• **WORK TO COMPLETE**
Only one stretch of the material below is wanted: everything from the line containing "3. 달걀물에 설탕 4큰술, 소금" down to the line containing "fearsome symbol worldwide.", both ends included. Repeat it exactly and skip the pictures.

• **MATERIAL PROVIDED**
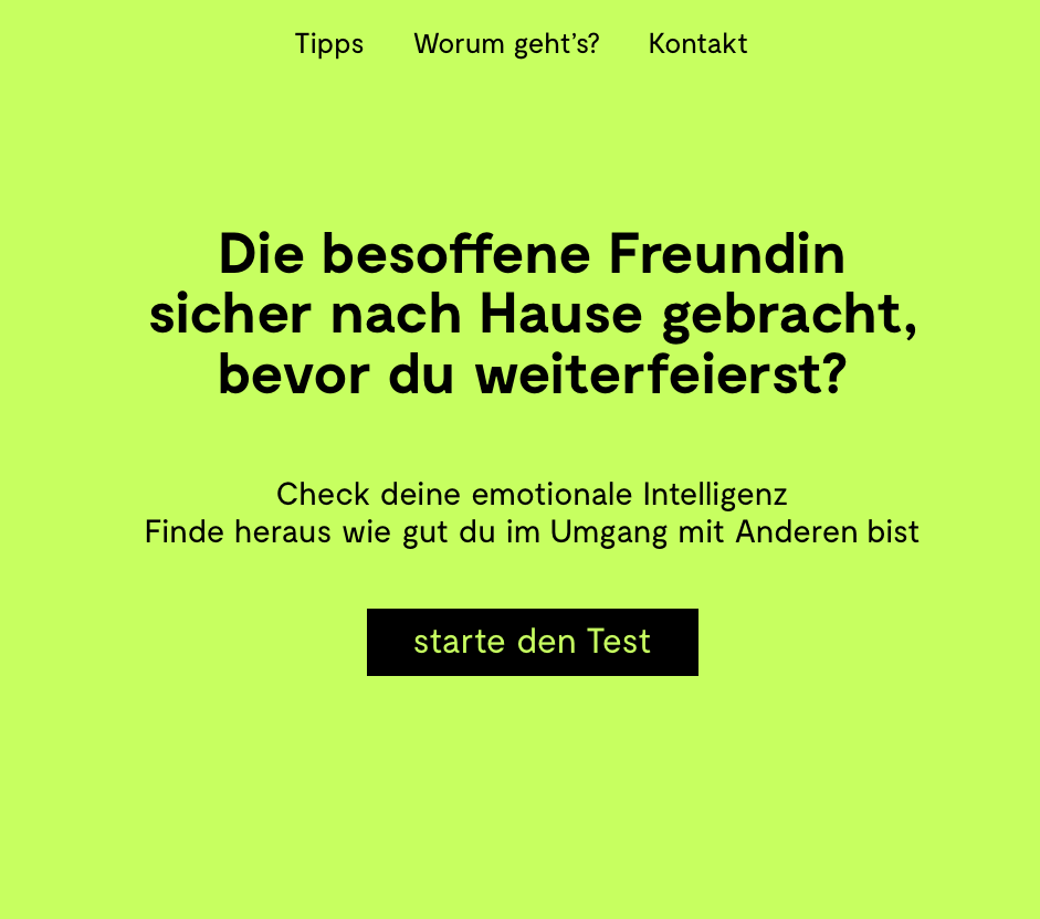 Bunt, ganz zeitgemäß, im richtigen Ton und mit Fragen, die aus dem Alltag gegriffen sind, dennoch zum Denken anregen und mit zahlreichen Informationen: Zum Internationalen Tag gegen Gewalt an Frauen hat das Frankfurter Büro für Grafikdesign Dreimorgen einen Online-Test entwickelt, der wichtige Fragen stellt und die richtigen Antworten dazu gibt.
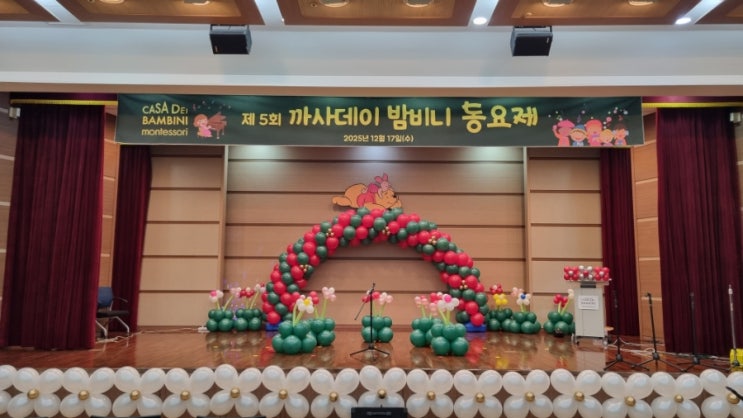 2025년 12월 17일 수요일 "까사 데이 밤비니" 동요제가 올해로 5회째를 맞이하였습니다. 밤비니 동요제는 4세 ~ 7세 총 33명 어린이들의 독창, 합창 무대로 이루어져 있습니다. 1부의 시작은 4세, 5세 어린이들 합창 2부의 시작은 6,7세 어린이들의 합창 2부의 마지막은 7세 어린이들의 합창 3부의 마무리는 5세 ~ 7세 어린이들과 교사들의 합창이었습니다. 그리고 29명 어린이들의 독창이 1부 ~ 3부로 나뉘어져 있습니다. 물론, 동요제 시작 전 입구에 마련된 포토존에서의 촬영도 잊지 않았답니다. 밤비니 동요제는 다른 어른이집이나 유치원의 '재롱잔치'와는 어떤 차이가 있을까요? 밤비니 동요제에서는 어린이가 부르고....... <img src="https://blogthumb.pstatic.net/MjAyNTEyMThfMjgz/MDAxNzY2MDE3NDM0MDMx.bk9MFqERhG_x8spUiwsIm7o2eizCNxX305y5p8saw0Eg.KwNyC7rHZepQgajOcCj99fG57wyoFslI5YyV5utnHPMg.JPEG/900%A3%DF20251217%A3%DF111234.jpg?type=s3" />
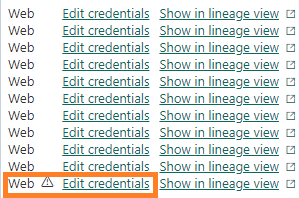 - Under Data source credentials, click on each of the Edit credentials buttons next to Web.
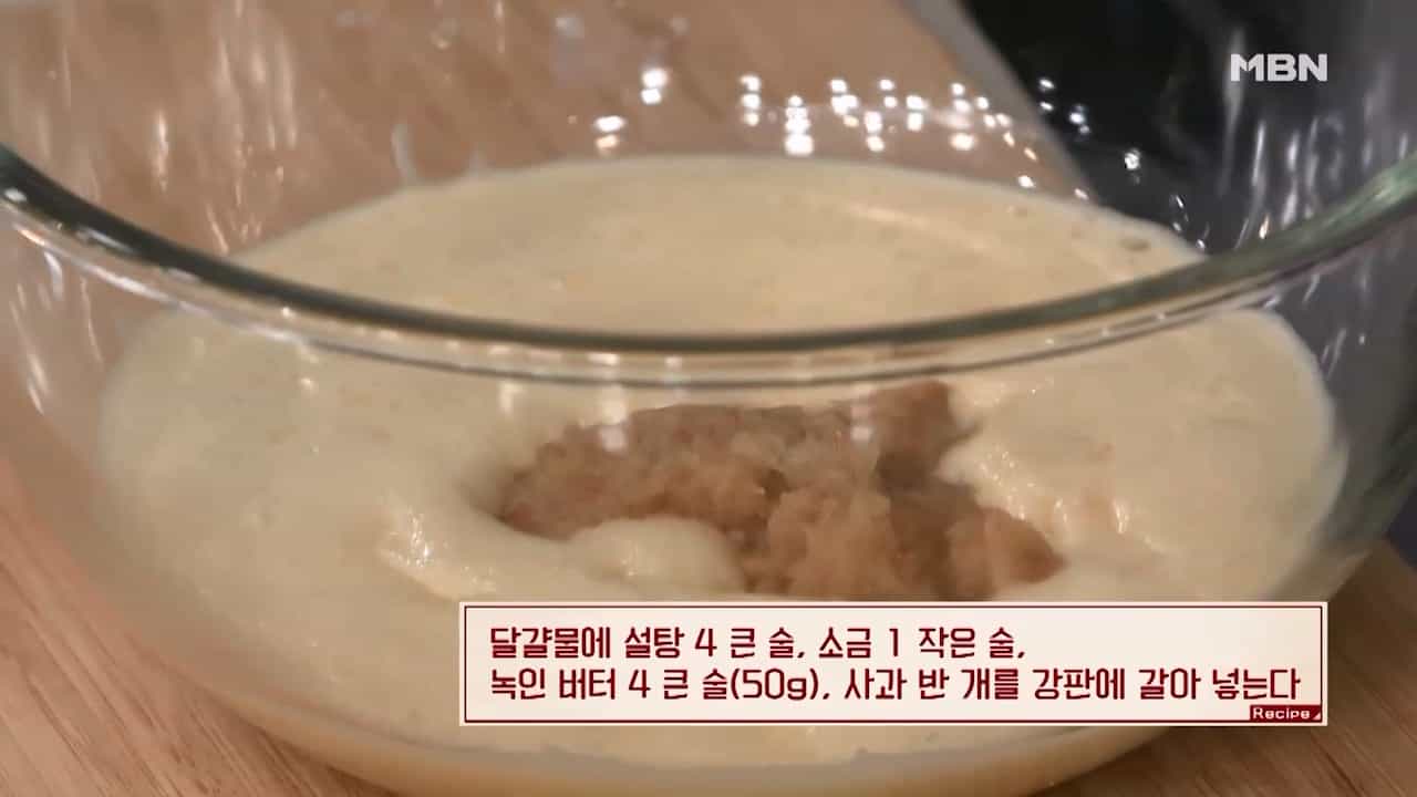 3. 달걀물에 설탕 4큰술, 소금 1 작은술, 녹인 버터 4큰술(50g), 사과 반개를 강판에 갈아 넣습니다.
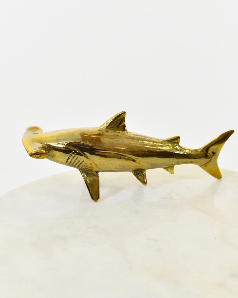‘Meridian’ the hammerhead shark ornament, is a fine example of raw ferocity and artisan luxury. Crafted from cast brass and finished in a radiant gold patina to create a powerful, luxurious aesthetic, this apex predator is a fearsome symbol worldwide.
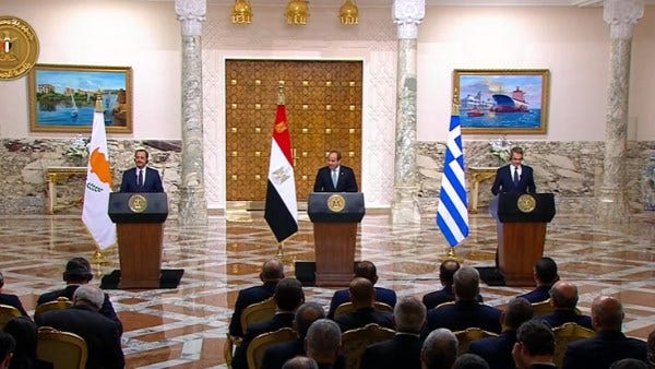 أكد الرئيس عبدالفتاح السيسي، رئيس جمهورية مصر العربية، على ضرورة تكثيف الجهود والضغوط من أجل التوصل إلى التهدئة في المنطقة والتعامل مع أزماتها، وعلى رأسها الحرب في غزة ولبنان وتحقيق الإستقرار في سوريا وليبيا واليمن والسودان. كما أكد الرئيس في كلمته خلال القمة الثلاثية بين مصر وقبرص واليونان، يوم أمس الأربعاء، والتي نقلتها "القاهرة الإخبارية"، على تجنب تصعيد الصراع في المنطقة وتحويله لحرب شاملة، مما يترتب عليه تداعيات كارثية تطال الجميع، سواء كانت تداعيات إقتصادية وسياسية أو أمنية، فضلا عن الموجات الغير مسبوقة من النازحين. وأضاف الرئيس السيسي، أن التعاون الإقتصادي بين البلاد الثلاثة يمثل خطوة إستراتيجية حيوية، ليس فقط من ناحية مساهمته في تعزيز النمو الإقتصادي، ولكن أيضا بإعتباره خطوة محورية نحو تعزيز التكامل الإقتصادي الإقليمي الذي نطمح إليه.
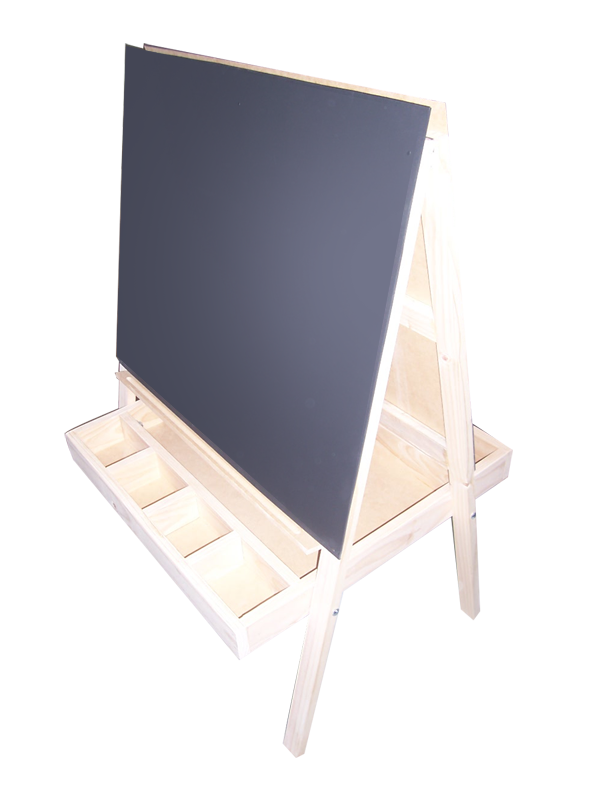 Made solid and built to last, this double sided chalkboard is a great way children to interact whilst drawing or simply a wonderful way to have two children completing the same task. Folds together for easy storage. The large storage area allows chalk and accessories to be kept close. Please feel free to contact us if you would like a quote on a different design or size.
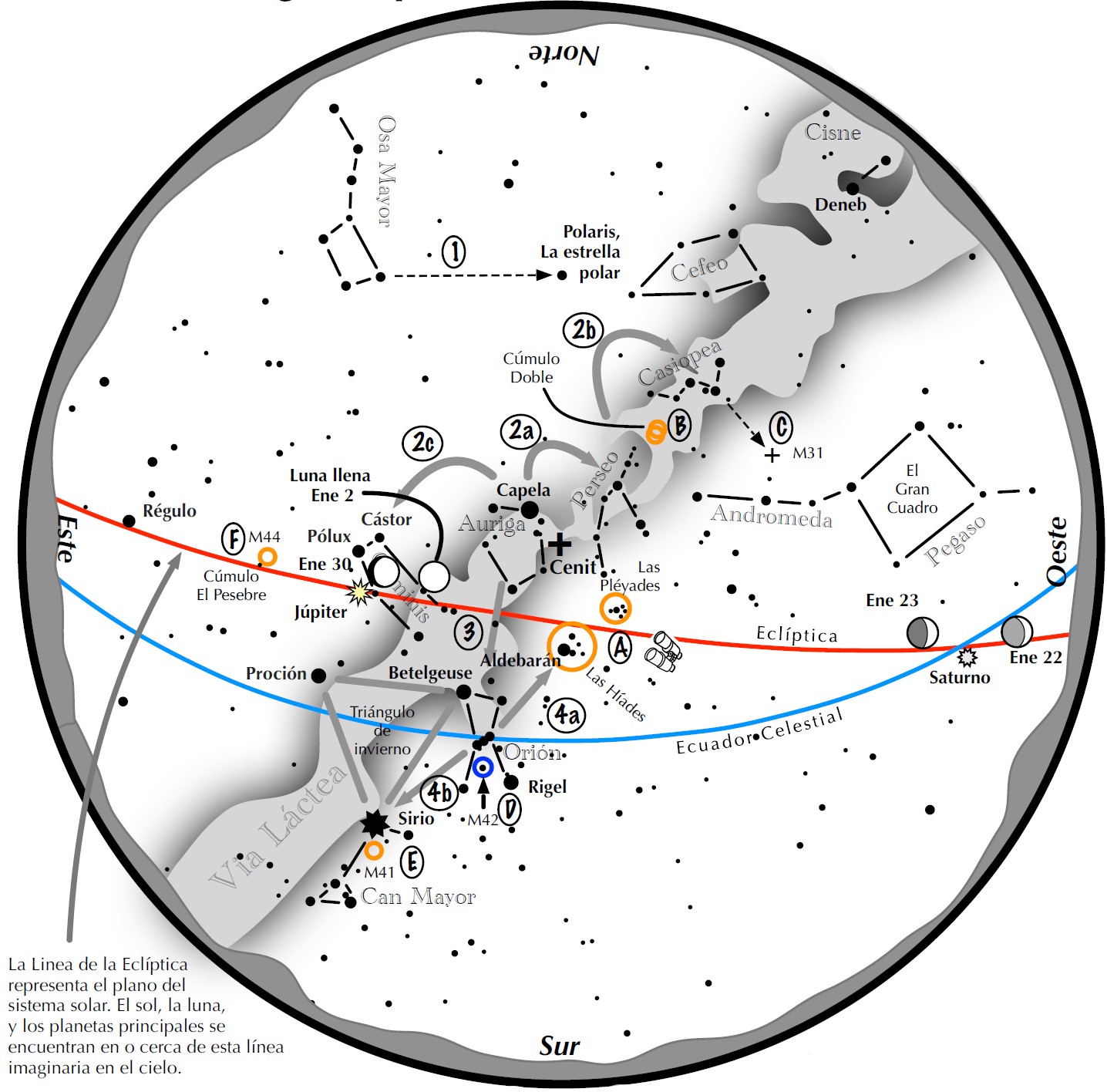 (Este mapa representa el cielo a las 20:00 a principios de enero y a las 19:00 a finales)
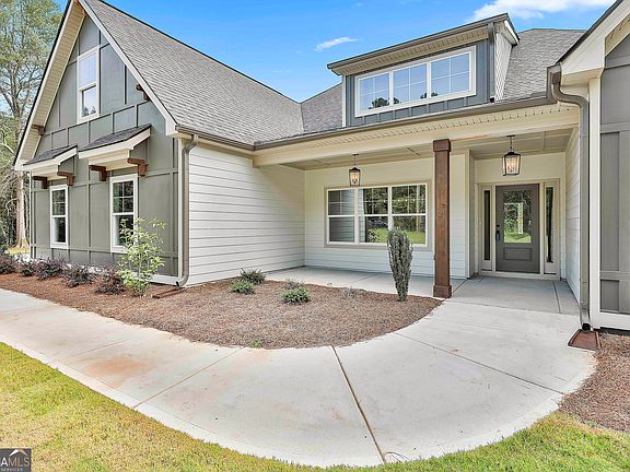 Harris A - The Harris is a new Ranch floor plan that you don't want to miss! This "A" Elevation has cottage charm that immediately invites you in. An office/living room with French doors is right off the front entrance. The gorgeous kitchen has toffee cabinets, stainless steel appliances, double wall ovens, a custom wood hood vent, and pull out trash can. Beautiful quartz countertops, a farmhouse sink, and a huge walk-in hidden pantry. A separate butler's pantry/coffee bar offers additional cabinetry and countertop area. This kitchen has everything! The peninsula allows for an eat in area in the family room/ breakfast room combo. Behind the sliding barn doors is the Primary suite oasis. Vaulted ceilings in the primary bedroom, an ensuite with double vanities, freestanding tub, and beautiful shower with a bench. The bathroom connects to the primary closet which is then connected to the laundry room! The flow in this home is amazing. On the opposite side of the primary suite there are three additional bedrooms and two additional full baths. On the expanded covered patio there is a woodburning fireplace, to sit and enjoy the expansive woods behind your home. A three car garage, on a 2.144 acre lot. This house has it all! This home is currently under construction - cabinets and countertops are installed! More photos coming soon! ***BUYER INCENTIVE: $25,000 to use towards closing costs, rate buy down, or price reduction, when working with a preferred lender and closing in 45 days*** Professional pictures coming soon! Ready to close in 60 days. This home is conveniently located just minutes from I85 and less than 10 minutes from charming, historic downtown Newnan and Ashley Park for premier shopping and dining.
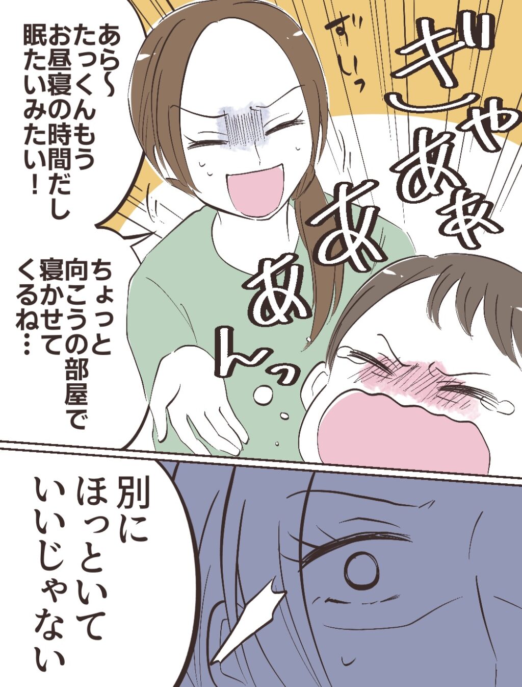見かねて「あら~、たっくんもうお昼寝の時間だし眠たいみたい!ちょっと向こうの部屋で寝かせてくるね・・」そう言ってたっくんを抱き上げようとすると、「別にほっといていいじゃない」とチエさんの声が。
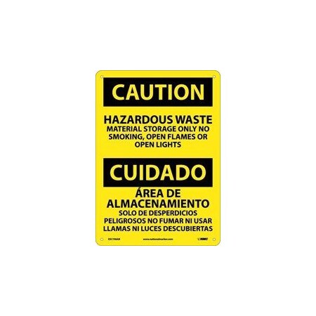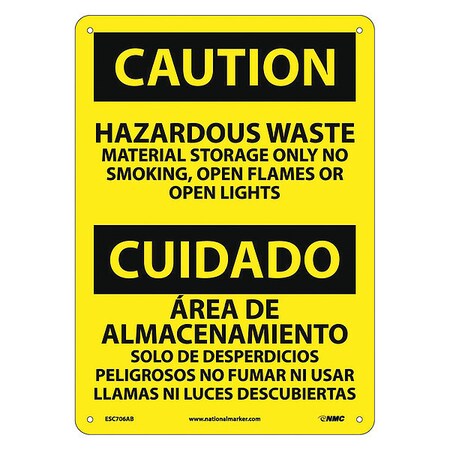 NMC ESC706AB Bilingual OSHA Sign, Legend "CAUTION - HAZARDOUS WASTE MATERIAL STORAGE ONLY NO SMOKING, OPEN FLAMES OR OPEN LIGHTS", 10" Length x 14" Height, 0.040 Aluminum, Black On Yellow

• **OUTPUT OF THE TASK**
 3. 달걀물에 설탕 4큰술, 소금 1 작은술, 녹인 버터 4큰술(50g), 사과 반개를 강판에 갈아 넣습니다.
‘Meridian’ the hammerhead shark ornament, is a fine example of raw ferocity and artisan luxury. Crafted from cast brass and finished in a radiant gold patina to create a powerful, luxurious aesthetic, this apex predator is a fearsome symbol worldwide.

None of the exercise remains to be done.